======== DATA FOR THE TASK
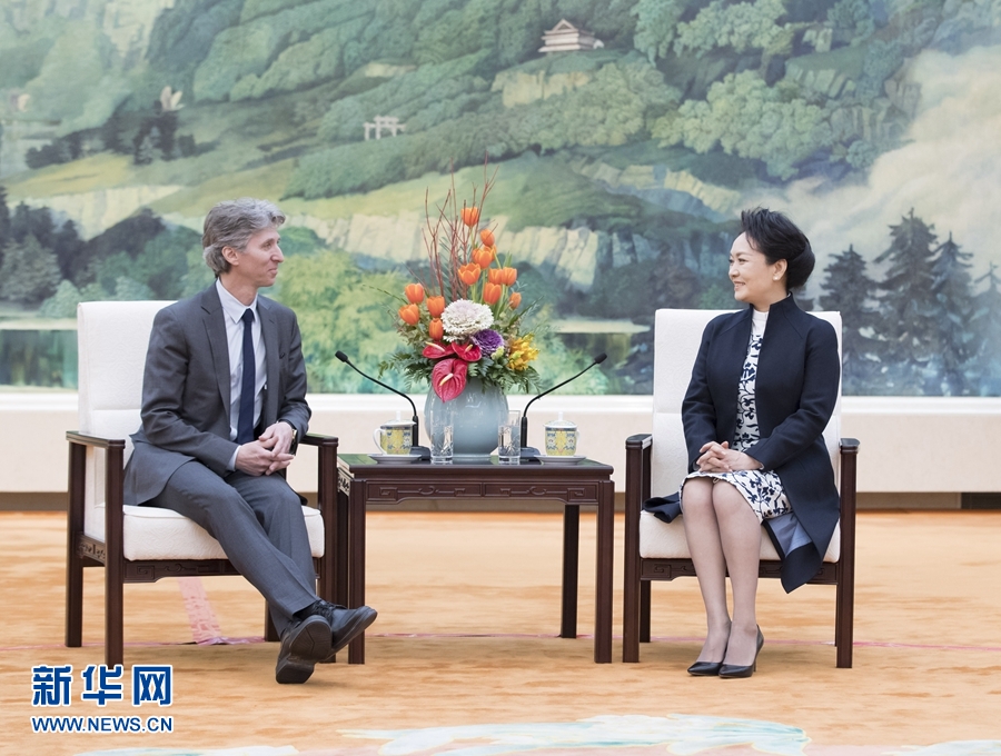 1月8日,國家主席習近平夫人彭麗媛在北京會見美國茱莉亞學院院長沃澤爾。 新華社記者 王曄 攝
================
======== DATA FOR THE TASK
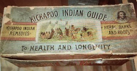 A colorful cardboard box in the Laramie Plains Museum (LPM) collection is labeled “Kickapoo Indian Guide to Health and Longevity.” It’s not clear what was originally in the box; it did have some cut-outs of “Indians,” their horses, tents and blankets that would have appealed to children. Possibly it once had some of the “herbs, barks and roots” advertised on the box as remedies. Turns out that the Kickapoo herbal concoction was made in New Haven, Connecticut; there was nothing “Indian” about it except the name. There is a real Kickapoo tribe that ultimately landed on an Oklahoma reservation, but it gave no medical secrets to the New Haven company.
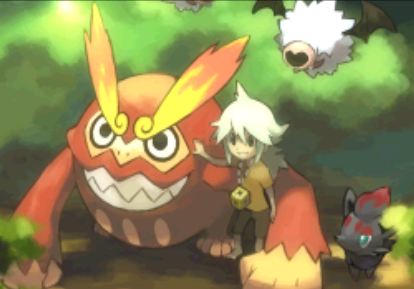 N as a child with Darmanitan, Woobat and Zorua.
================
# WORK TO COMPLETE
The material above holds pictures; leave them out. Repeat exactly the lines from the one containing "A colorful cardboard" through the one containing "N as a child", and nothing else.

# WRITTEN SOLUTION
 A colorful cardboard box in the Laramie Plains Museum (LPM) collection is labeled “Kickapoo Indian Guide to Health and Longevity.” It’s not clear what was originally in the box; it did have some cut-outs of “Indians,” their horses, tents and blankets that would have appealed to children. Possibly it once had some of the “herbs, barks and roots” advertised on the box as remedies. Turns out that the Kickapoo herbal concoction was made in New Haven, Connecticut; there was nothing “Indian” about it except the name. There is a real Kickapoo tribe that ultimately landed on an Oklahoma reservation, but it gave no medical secrets to the New Haven company.
 N as a child with Darmanitan, Woobat and Zorua.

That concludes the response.